### RECORDS SHOWN
-*-

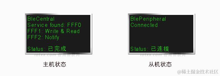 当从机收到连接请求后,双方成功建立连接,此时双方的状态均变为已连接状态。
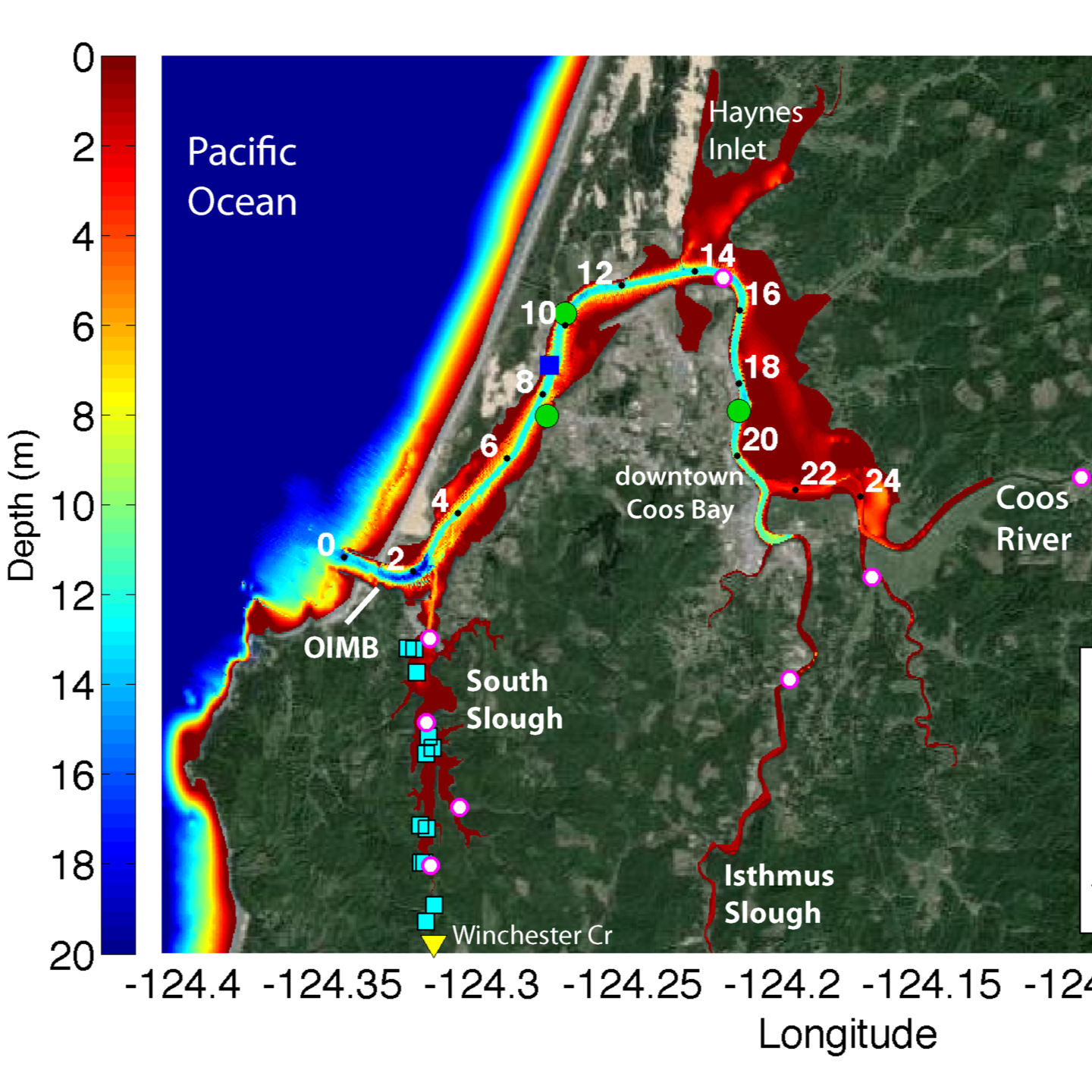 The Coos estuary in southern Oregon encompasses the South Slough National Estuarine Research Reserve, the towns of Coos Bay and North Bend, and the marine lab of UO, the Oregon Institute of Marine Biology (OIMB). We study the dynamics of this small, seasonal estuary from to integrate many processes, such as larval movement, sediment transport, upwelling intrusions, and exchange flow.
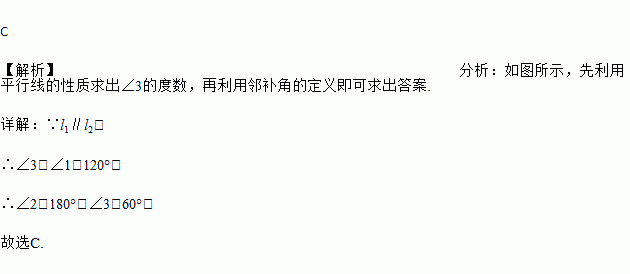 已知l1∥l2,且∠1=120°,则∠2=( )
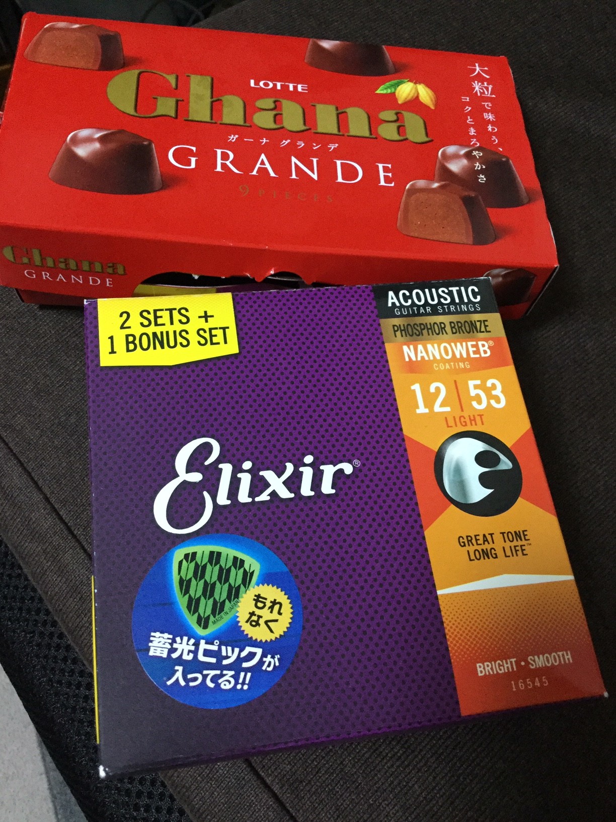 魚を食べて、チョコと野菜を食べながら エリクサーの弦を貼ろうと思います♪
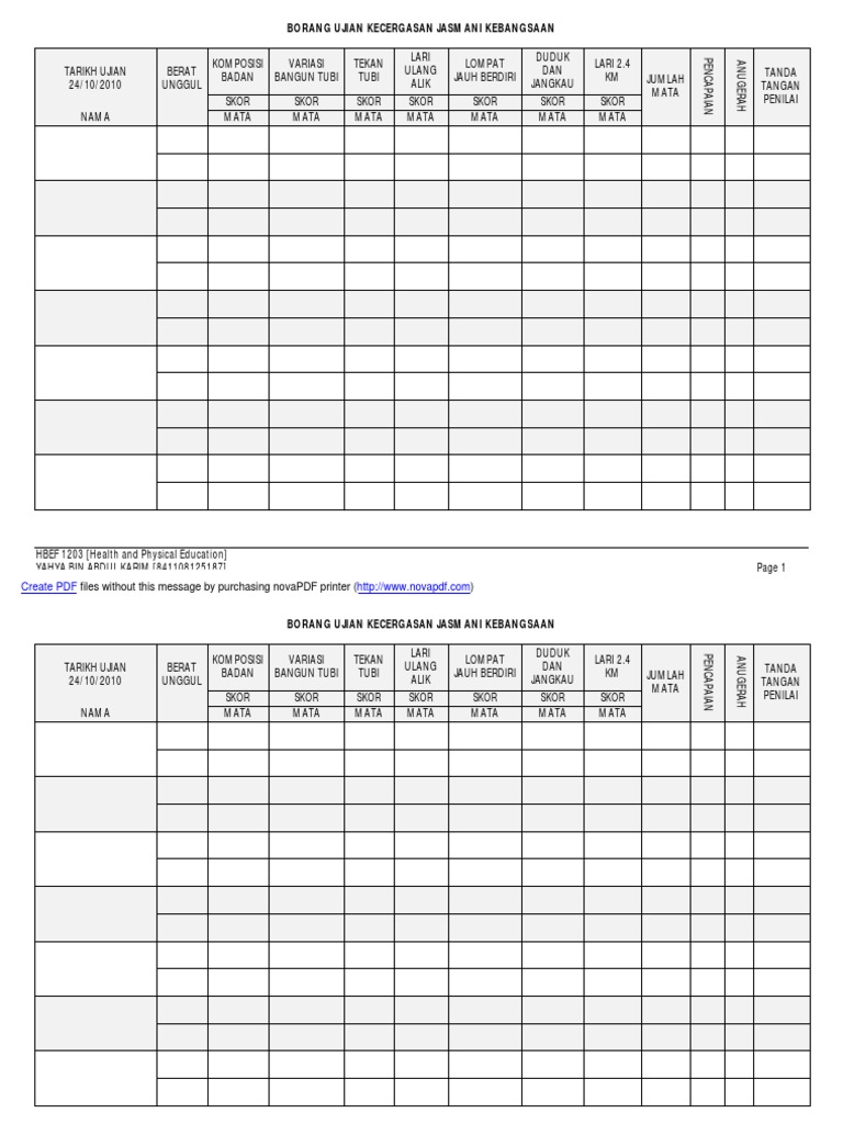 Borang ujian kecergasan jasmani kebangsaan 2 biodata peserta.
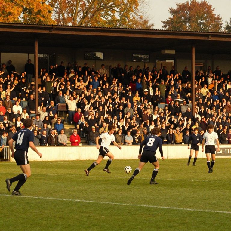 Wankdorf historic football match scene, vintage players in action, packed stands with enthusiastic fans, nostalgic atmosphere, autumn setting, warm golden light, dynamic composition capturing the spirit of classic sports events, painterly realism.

-*-

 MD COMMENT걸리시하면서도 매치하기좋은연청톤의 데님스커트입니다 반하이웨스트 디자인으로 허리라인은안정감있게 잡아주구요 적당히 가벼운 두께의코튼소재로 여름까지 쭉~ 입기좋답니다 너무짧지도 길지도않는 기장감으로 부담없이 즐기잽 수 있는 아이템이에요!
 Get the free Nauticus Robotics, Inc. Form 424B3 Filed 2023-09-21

-*-

### WORK REQUIRED
Taking the material above, give again exactly the lines from the one holding "当从机收到连接请求后,双方成功建立连接,此时双方的状态均变为已连接状态。" through the one holding "Wankdorf historic football", with both ends and without pictures.

### SOLUTION FOR THIS EXERCISE
 当从机收到连接请求后,双方成功建立连接,此时双方的状态均变为已连接状态。
 The Coos estuary in southern Oregon encompasses the South Slough National Estuarine Research Reserve, the towns of Coos Bay and North Bend, and the marine lab of UO, the Oregon Institute of Marine Biology (OIMB). We study the dynamics of this small, seasonal estuary from to integrate many processes, such as larval movement, sediment transport, upwelling intrusions, and exchange flow.
 已知l1∥l2,且∠1=120°,则∠2=( )
 魚を食べて、チョコと野菜を食べながら エリクサーの弦を貼ろうと思います♪
 Borang ujian kecergasan jasmani kebangsaan 2 biodata peserta.
 Wankdorf historic football match scene, vintage players in action, packed stands with enthusiastic fans, nostalgic atmosphere, autumn setting, warm golden light, dynamic composition capturing the spirit of classic sports events, painterly realism.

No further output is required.